The past of this Korčula cookie evades me in the multitude of similar Mediterranean recipes. The klašun is apparently the simplest cake of short pastry stuffed with nuts, like sweet carnival rafioli. The stuffing can vary, and the little cushions of pastry conceal almonds, walnuts, cheese, dried fruit... We can only collect numerous recipes and slowly try them out and mark down the differences. Although similar, the preparation and the occasion for which they are made, differ from place to place. On Korčula they are made at a time when it was necessary to show abundance and when they had to keep. There was always an impulse to forestall time by putting foods away, and the simple everyday life seldom offered anything sweet. The klašun was once only made for special occasions, usually for all rites of passages, from baptism to weddings. Probably the richer households had reserves to offer unexpected guests. The unexpected guest had to be offered something, and that something would be kept in the tins and on plates of biscuits that stood on the sideboards. The klašun is a cookie that keeps wonderfully, if it is allowed to. Only after two or three days does it become perfect. A crumbly, soft, sweet nutty morsel that can last days. A bit further, on Pelješac Peninsula, the klašun is a hot and sweet morsel typical of the Mediterranean carnival. Like the many sweet versions of ravioli that are prepared on both sides of the Adriatic, fried cakes are always put on the table for serious gorging before a fast 40 days long.
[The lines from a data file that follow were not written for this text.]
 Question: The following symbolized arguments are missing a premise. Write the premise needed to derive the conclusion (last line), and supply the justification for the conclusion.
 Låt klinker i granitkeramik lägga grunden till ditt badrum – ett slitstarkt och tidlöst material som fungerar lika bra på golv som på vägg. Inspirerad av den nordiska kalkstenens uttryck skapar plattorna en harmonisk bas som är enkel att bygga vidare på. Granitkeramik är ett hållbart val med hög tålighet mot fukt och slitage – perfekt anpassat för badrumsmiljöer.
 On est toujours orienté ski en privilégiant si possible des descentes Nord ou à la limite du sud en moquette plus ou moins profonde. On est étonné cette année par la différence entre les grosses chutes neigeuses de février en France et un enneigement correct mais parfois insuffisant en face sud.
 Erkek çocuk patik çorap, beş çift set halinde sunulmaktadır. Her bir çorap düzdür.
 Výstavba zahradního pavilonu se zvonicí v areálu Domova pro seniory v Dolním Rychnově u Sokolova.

Love for baking cakes and old recipes impelled Smiljana in 1994 to open the door of the sweetest shop on Korčula. Cukarin is not a fashionable cafe, a dull or tarty pastry-shop, but a simple little shop in which on the whole old-fashioned Korcular sweets are bought. Hard to choose, until you find your favourite. Perhaps the short cukarin with a slight citrus flavour, usually served with prošek, the delicious harubica, of carob and orange marmalade, delicate amarettos of almonds that are prepared elsewhere only on Sardinia, the one-time nuptial klašun flavoured with rose brandy, the recipe for which Smiljana reconstructed from a number of recipes, some of which are more than a hundred years old or the irresistible favourite sugared almond (broštulan). Almonds are prepared in two ways on Korčula – in caramel and white. These last are specialities of Korčula, and are prepared nowhere else. Each one of these cookies is special, but all tell a sincere tale of love, time and island.